[TASK TO COMPLETE]:
Using the data that follows, output only the lines from the line with "papír, vegyestechnika., jn., keretben, 24" up to and including the line with "Koupelna s vanou: obklad", exactly, leaving pictures aside.

[SUPPLIED MATERIAL]:
-- Opening Marker --

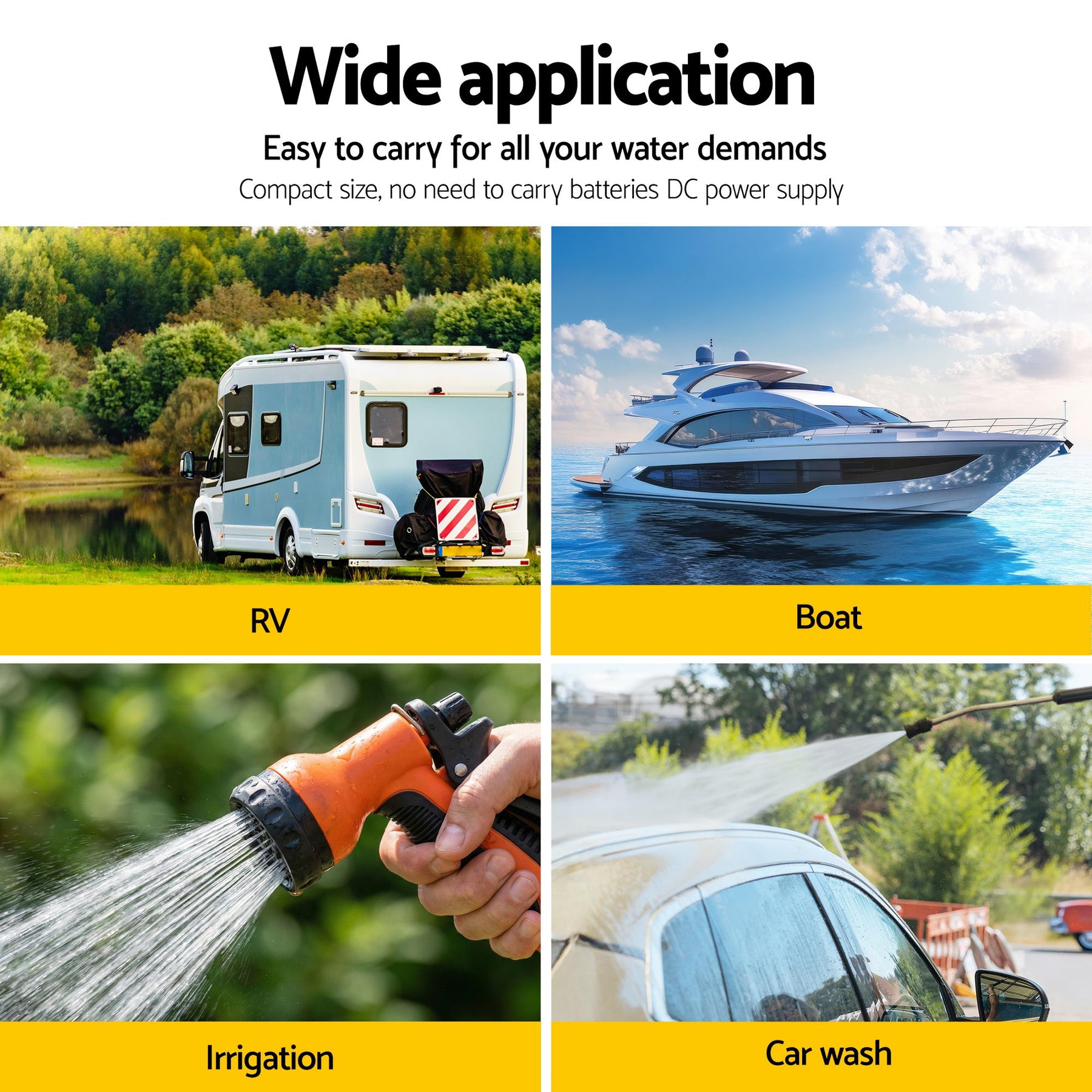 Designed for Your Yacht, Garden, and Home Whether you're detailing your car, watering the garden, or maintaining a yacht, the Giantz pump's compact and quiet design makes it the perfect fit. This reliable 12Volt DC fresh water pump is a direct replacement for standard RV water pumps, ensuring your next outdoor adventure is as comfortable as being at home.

-- Closing Marker --
-- Opening Marker --

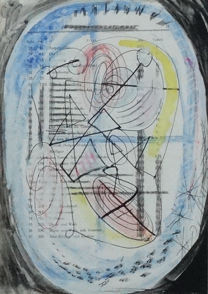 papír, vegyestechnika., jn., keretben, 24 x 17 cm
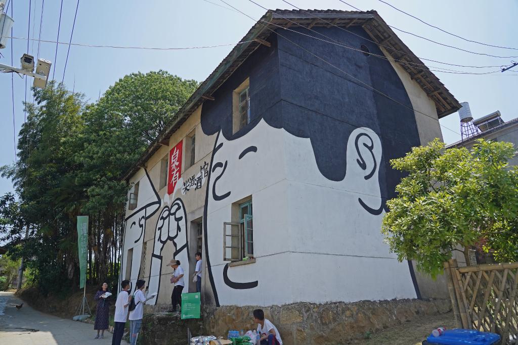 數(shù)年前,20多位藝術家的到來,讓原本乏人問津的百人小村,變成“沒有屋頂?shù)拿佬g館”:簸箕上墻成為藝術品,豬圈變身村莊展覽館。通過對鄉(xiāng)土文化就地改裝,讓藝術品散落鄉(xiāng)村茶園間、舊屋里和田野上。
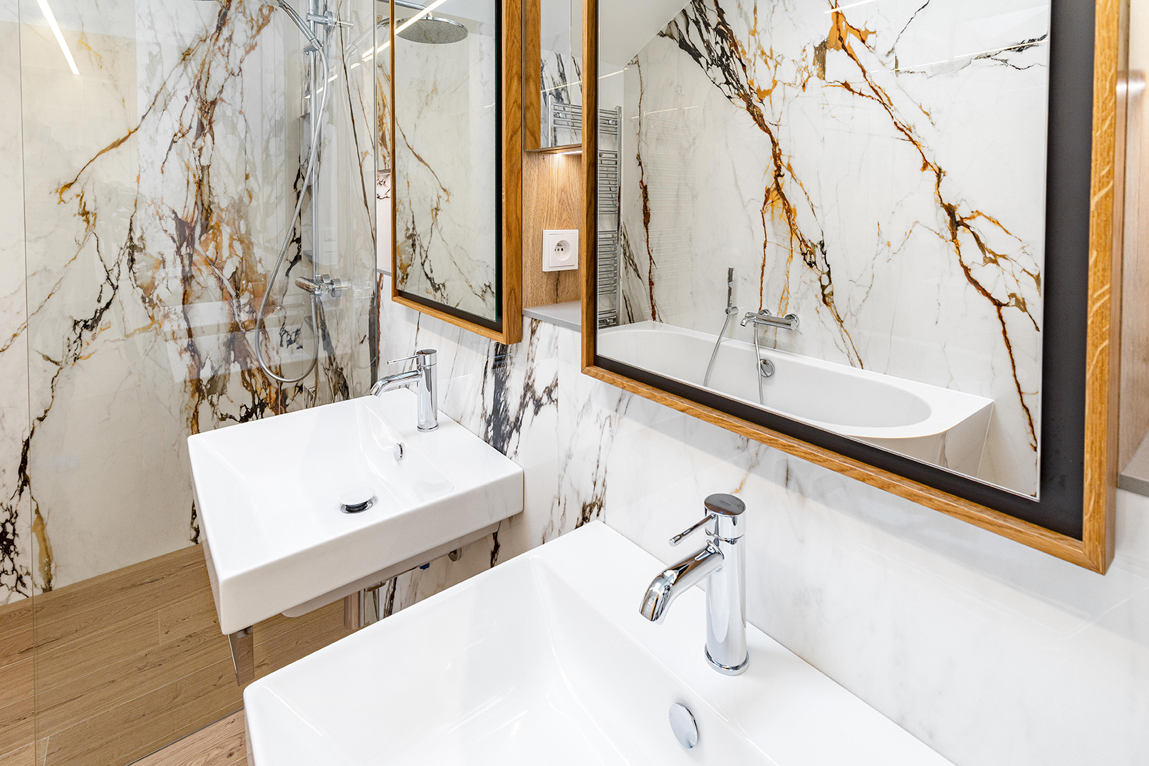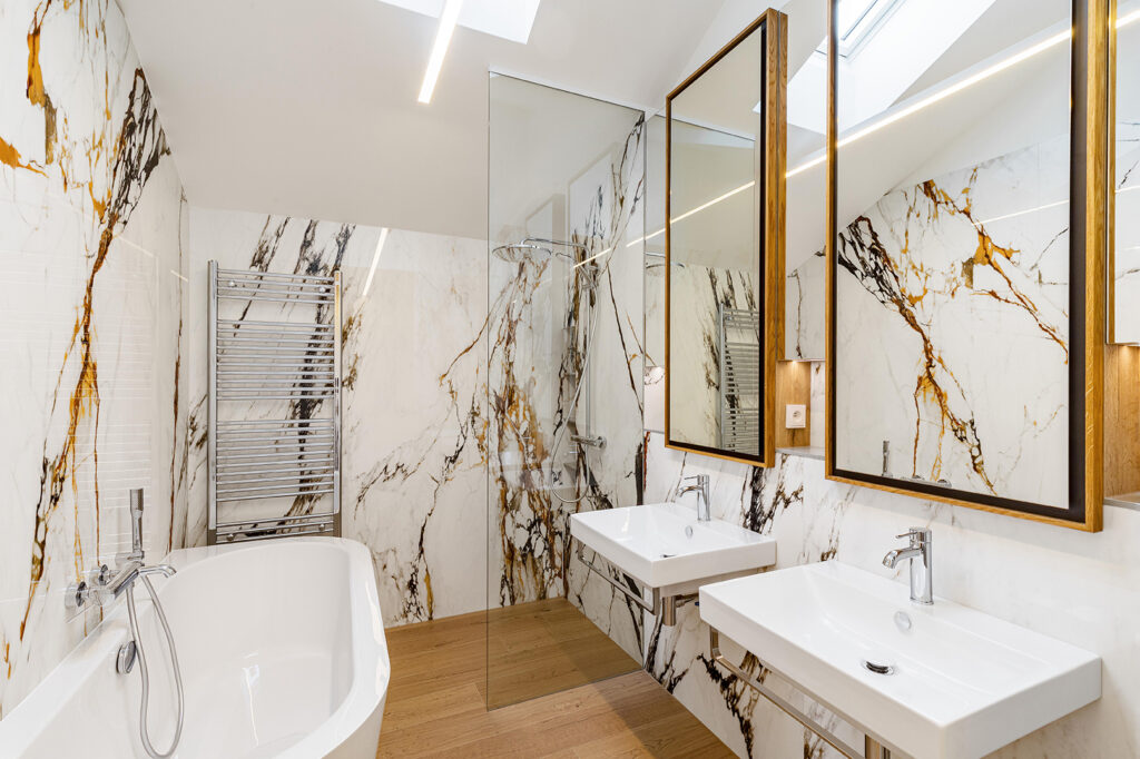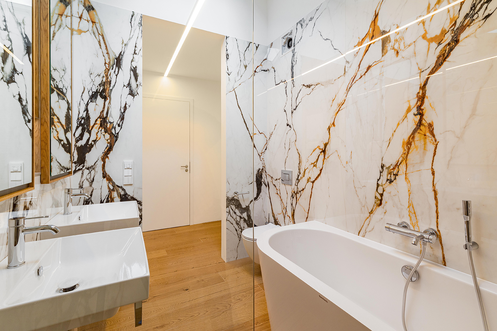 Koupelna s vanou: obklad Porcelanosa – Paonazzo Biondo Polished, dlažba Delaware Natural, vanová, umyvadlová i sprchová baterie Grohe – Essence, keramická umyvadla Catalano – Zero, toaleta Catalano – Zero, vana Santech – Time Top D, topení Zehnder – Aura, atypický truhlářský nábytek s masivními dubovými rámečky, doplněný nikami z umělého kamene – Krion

-- Closing Marker --

[EXERCISE RESULT]:
 papír, vegyestechnika., jn., keretben, 24 x 17 cm
 數(shù)年前,20多位藝術家的到來,讓原本乏人問津的百人小村,變成“沒有屋頂?shù)拿佬g館”:簸箕上墻成為藝術品,豬圈變身村莊展覽館。通過對鄉(xiāng)土文化就地改裝,讓藝術品散落鄉(xiāng)村茶園間、舊屋里和田野上。
 Koupelna s vanou: obklad Porcelanosa – Paonazzo Biondo Polished, dlažba Delaware Natural, vanová, umyvadlová i sprchová baterie Grohe – Essence, keramická umyvadla Catalano – Zero, toaleta Catalano – Zero, vana Santech – Time Top D, topení Zehnder – Aura, atypický truhlářský nábytek s masivními dubovými rámečky, doplněný nikami z umělého kamene – Krion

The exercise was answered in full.